Castillo et al.: Eligible patients were allocated at a 2 calcifediol:1 no calcifediol ratio through electronic randomization on the day of admission to take oral calcifediol (0.532 mg), or not. Patients in the calcifediol treatment group continued with oral calcifediol (0.266 mg) on day 3 and 7, and then weekly until discharge or ICU admission. Outcomes of effectiveness included rate of ICU admission and deaths. Do take note that 0.25 mg is equivalent to 10,000 IU.
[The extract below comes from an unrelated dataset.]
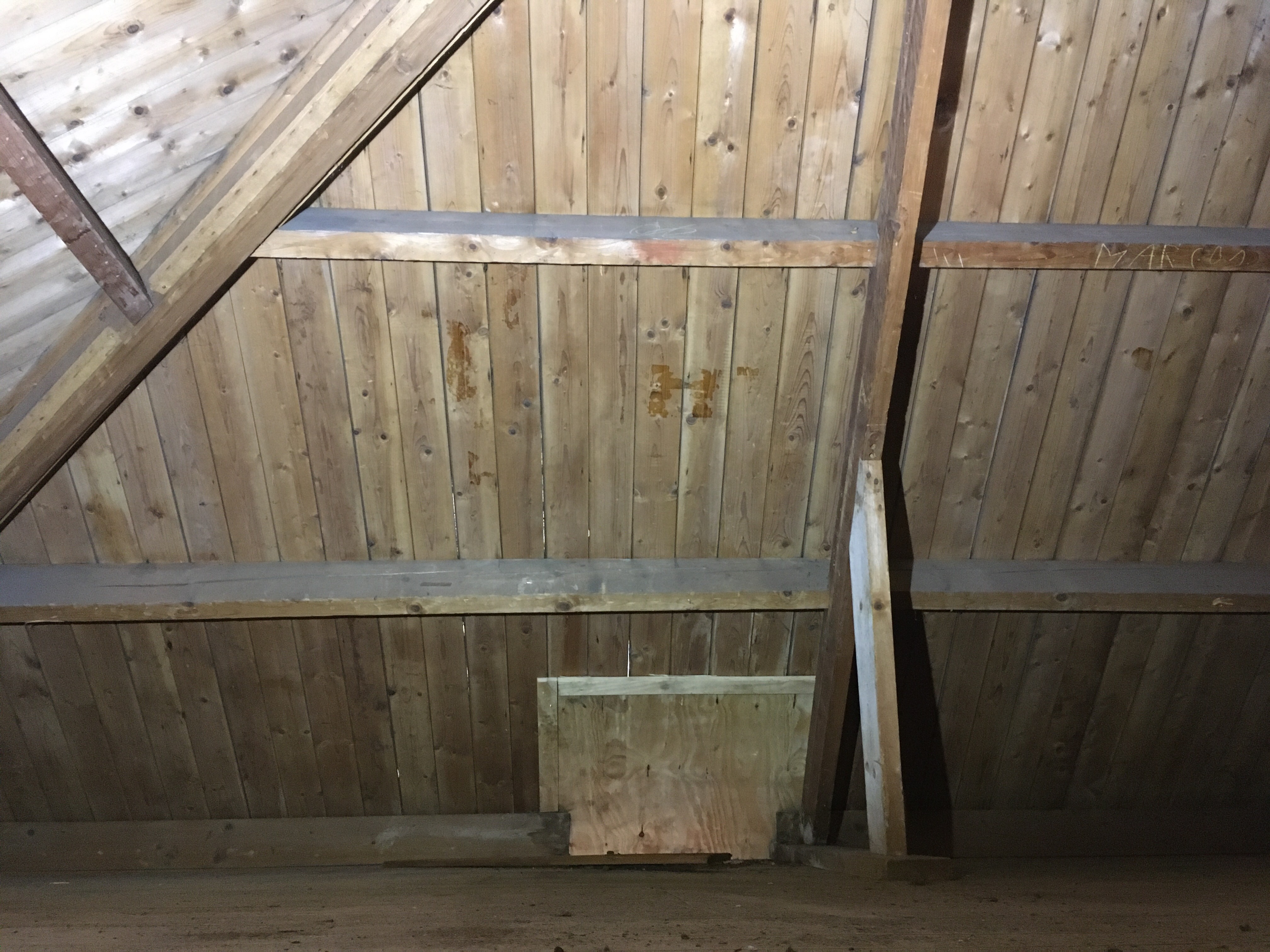 Links de achterkant, rechts de zijkant met reeds gezaagde pannen.

Editor's NoteVitamin D Upper Limit is 4,000 IU per day. The above dosages of vitamin D are NOT your normal maintenance dosage and are done under medical supervision and clinical trial setting. Do not self-medicate at this dosage!

Vitamin D and COVID-19 Treatment Guidelines from NIH

According to the NIH recommendation (last updated April 21, 2021):

There are insufficient data to recommend either for or against the use of vitamin D for the prevention or treatment of COVID-19.

Vitamin D and Vaccine

When the immune system isn’t properly fuelled and is impaired, this can lead to poor vaccine responses. A review of nine studies – together involving 2,367 people – found that individuals deficient in vitamin D were less well protected against two strains of flu after having been vaccinated compared to those who had adequate vitamin D levels.